Sysix · 2024-08-14T16:37:24Z

Hello @leaysgur

for eslint/no-useless-backreference it would be really nice to have the AST-Span of the Backreference.
But there is a difference with RegexLiterals and the RegExp Obj: The Backlash needs to be escaped.

See:

  ⚠ no back reference
   ╭─[no_useless_backreference.tsx:1:6]
 1 │ /(b)(\2a)/
   ·      ──
   ╰────
vs.
  ⚠ no back reference
   ╭─[no_useless_backreference.tsx:1:6]
 1 │ new RegExp("(b)(\\2a)");
   ·                 ───
   ╰────

Did you considered this use case for escaped backslashes?
Do we want to catch the doubled backslash?

leaysgur · 2024-08-15T11:46:30Z

@Sysix Thanks for your comment!

nice to have the AST-Span of the Backreference.
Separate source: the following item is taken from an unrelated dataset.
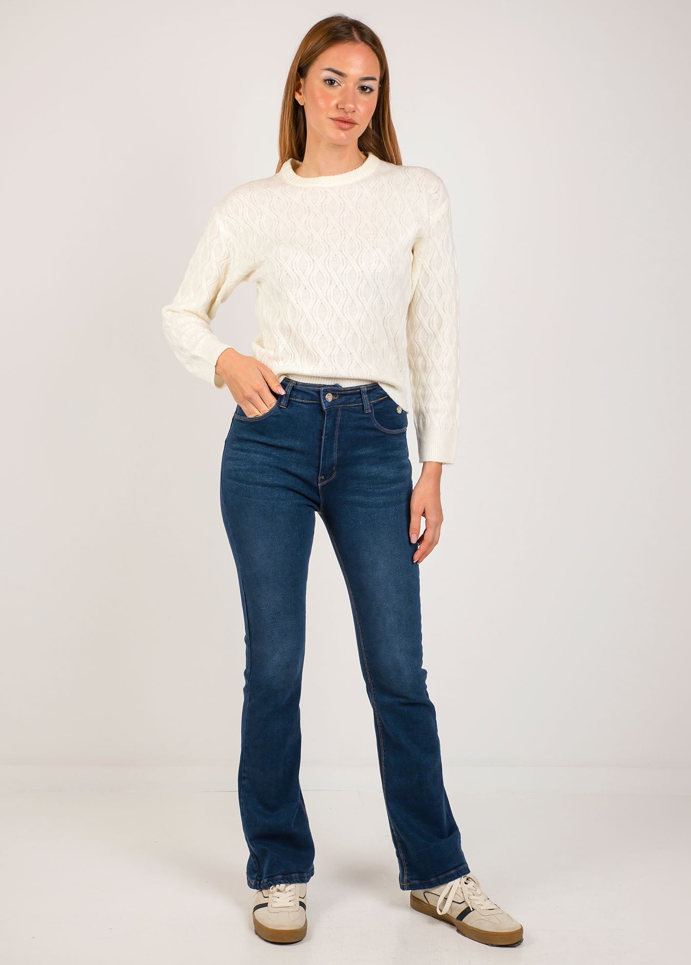 Παντελόνι ντένιμ με φαρδύ μπατζάκι, τσέπες στα πλάγια και πίσω και κλείσιμο μπροστά με φερμουάρ και κουμπί.

The current AST for backref already holds span.
Please check https://github.com/oxc-project/oxc/pull/3824/files#diff-8a24d853ad0d7af27dc285d21a4b1f2d6aa97d2fab6153fa441805750266d7e4R245-R248 👀

Did you considered this use case for escaped backslashes?

Yes, but as a RegExp parser, I do not specifically address backslash escaping (rather escape sequences).
Because it's a topic of string literals themselves, not just RegExp.
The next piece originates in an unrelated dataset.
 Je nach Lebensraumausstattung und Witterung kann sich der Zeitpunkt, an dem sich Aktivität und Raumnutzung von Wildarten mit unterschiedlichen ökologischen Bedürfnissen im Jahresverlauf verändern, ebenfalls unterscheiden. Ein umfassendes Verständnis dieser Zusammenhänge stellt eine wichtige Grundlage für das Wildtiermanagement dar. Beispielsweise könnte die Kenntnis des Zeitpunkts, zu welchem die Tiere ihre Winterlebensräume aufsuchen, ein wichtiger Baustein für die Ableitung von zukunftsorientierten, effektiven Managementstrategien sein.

For now, the treatment of pattern \\2 is (escaped)backslash and (number)2.

My understanding may be wrong and I'm not sure how OXC parser handle these escapes. 😅

Nope… For this reason, we may need to add new flag and implement a lexer layer to check \', \", and \\...?
(If so the surrogate pair issue may also be isolated?)

Or just leave it user land to be called pattern.replace("\\\"", "\"").replace("\\'", "'").replace("\\\\", "\\") beforehand...?
But in this way, Span may be shifted.

I’m beginning to think about this. 🤔

Hmmm, not so sure. I think I'll wait for @Boshen 's advice.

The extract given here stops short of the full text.